BEGIN Source data
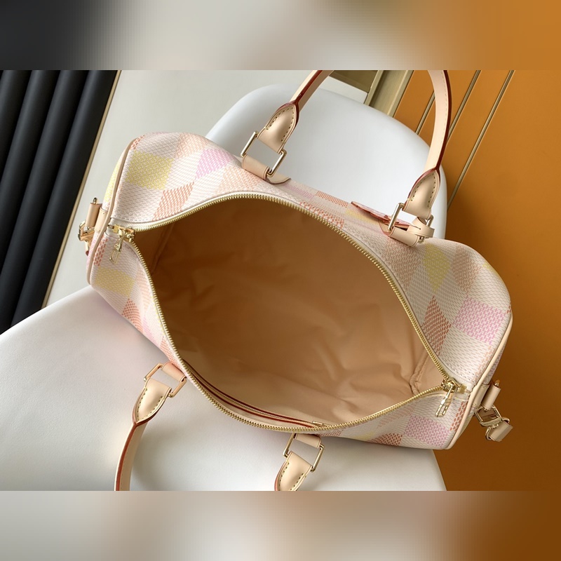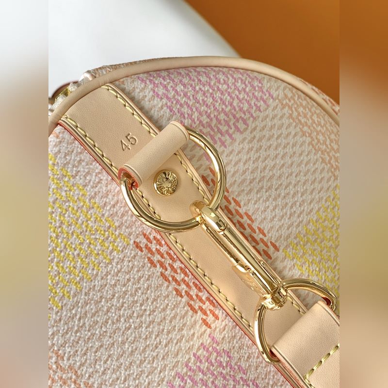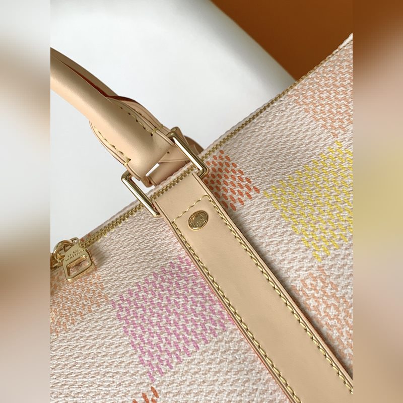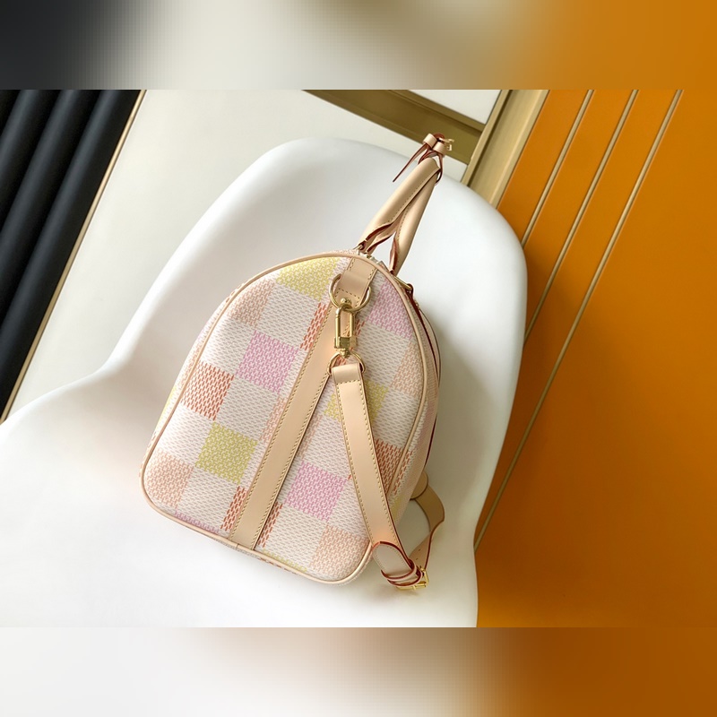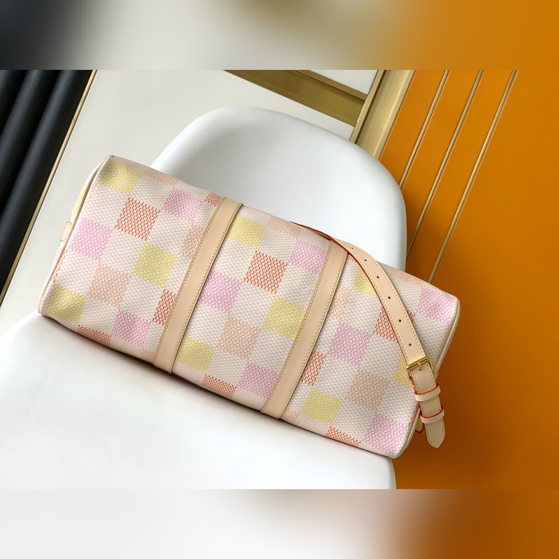 M40713 핑크 그리드 M4667 그린 그리드 최고급 오리지널 모델인 키플링 45는 다미에 캔버스에 매력적인 다미에 거대 패턴과 네 가지 파스텔 색상을 결합한 제품입니다. 이 가방은 항공기 기내 반입이 가능하며(항공사 및 사용 장비에 따라 다름) 상단 손잡이와 후드가 달린 소화기 형태의 보강재 탈착식 이름표가 특징입니다. 탈부착이 가능하고 길이 조절이 가능한 스트랩은 어깨에 착용할 수도 있습니다. *이 제품은 2025년 3월 1일(금)부터 3월 14일(목)까지 공식 웹사이트와 고객 서비스를 통해 선주문이 가능하며 3월 15일(금)에 판매가 시작됩니다. 단 이 기간 동안 선주문 수량이 달성되는 경우 선주문 접수를 중단합니다. 제품은 2025년 3월 15일(금)부터 배송됩니다. 제품 재고 상황에 따라 배송일이 달라질 수 있다는 점에 유의하시기 바랍니다. 45 × 27 × 20cm (가로 x 세로 x 모서리 지지대) 색상: 복숭아색 소재: 다미에 캔버스 트리밍: 가죽(가죽 종류: 소가죽) 안감: 직물 금속 부속품(색상: 금색) 기내 반입 가능 크기 (항공사와 사용하는 장비에 따라 조건이 다름) 더블 지퍼 개폐 지퍼가 달린 내부 주머니 자물쇠 분리 가능한 태그 태그 핸들: 더블
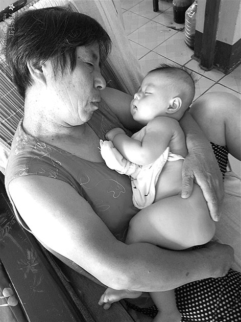 宝贝喜欢抱着睡,于是姥娘就累成这样抱着睡着了。
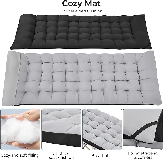 - Come with Side Bags: Two storage bags are provided on the two sides of this bed to keep your hat, sunglasses, phone, headset, water bottle, magazine, etc. A small detail saves you from the trouble of getting an extra table for your items or nowhere to keep your belongings
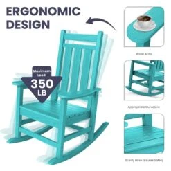 Oversized HDPE Resin Outdoor Patio Rocking Plastic Adirondack Chair In Aruba Blue (1-Pack)
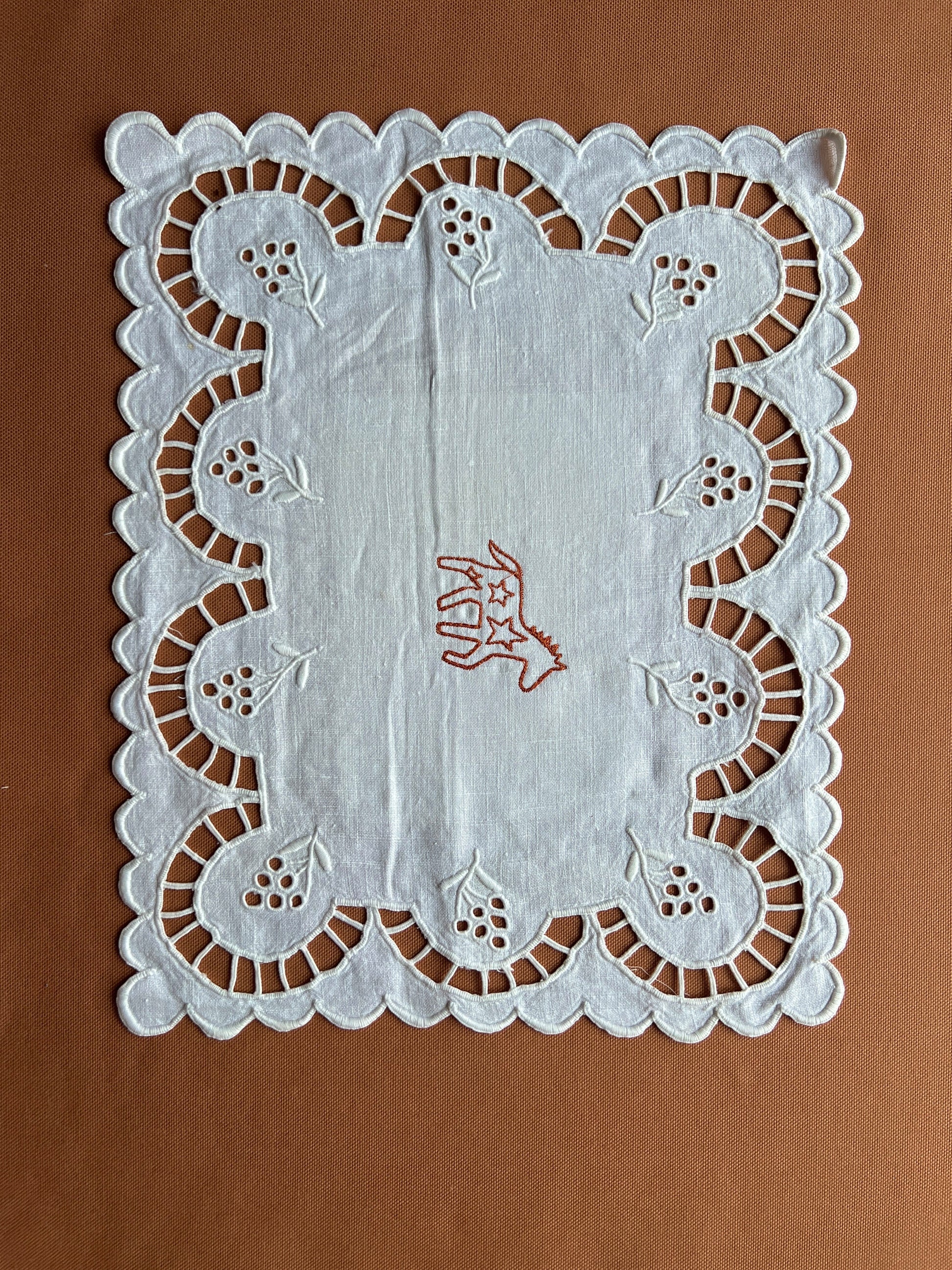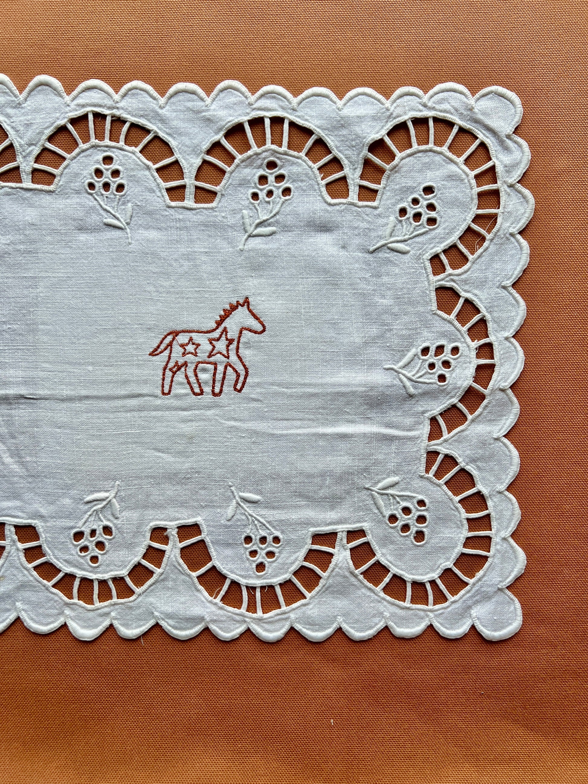 Nøje udvalgte vintage tekstiler med broderede motiver. Hvert stykke findes kun i ét eksemplar og broderes specifikt til den person, det er tiltænkt ved at tilføje håndbroderet navn, dato eller anden tekst
END Source data
* Assignment *
Restate word for word the lines from the line with "- Come with" to the last line of the records above, inclusive, and omit every picture.

* Response to the exercise *
 - Come with Side Bags: Two storage bags are provided on the two sides of this bed to keep your hat, sunglasses, phone, headset, water bottle, magazine, etc. A small detail saves you from the trouble of getting an extra table for your items or nowhere to keep your belongings
 Oversized HDPE Resin Outdoor Patio Rocking Plastic Adirondack Chair In Aruba Blue (1-Pack)
 Nøje udvalgte vintage tekstiler med broderede motiver. Hvert stykke findes kun i ét eksemplar og broderes specifikt til den person, det er tiltænkt ved at tilføje håndbroderet navn, dato eller anden tekst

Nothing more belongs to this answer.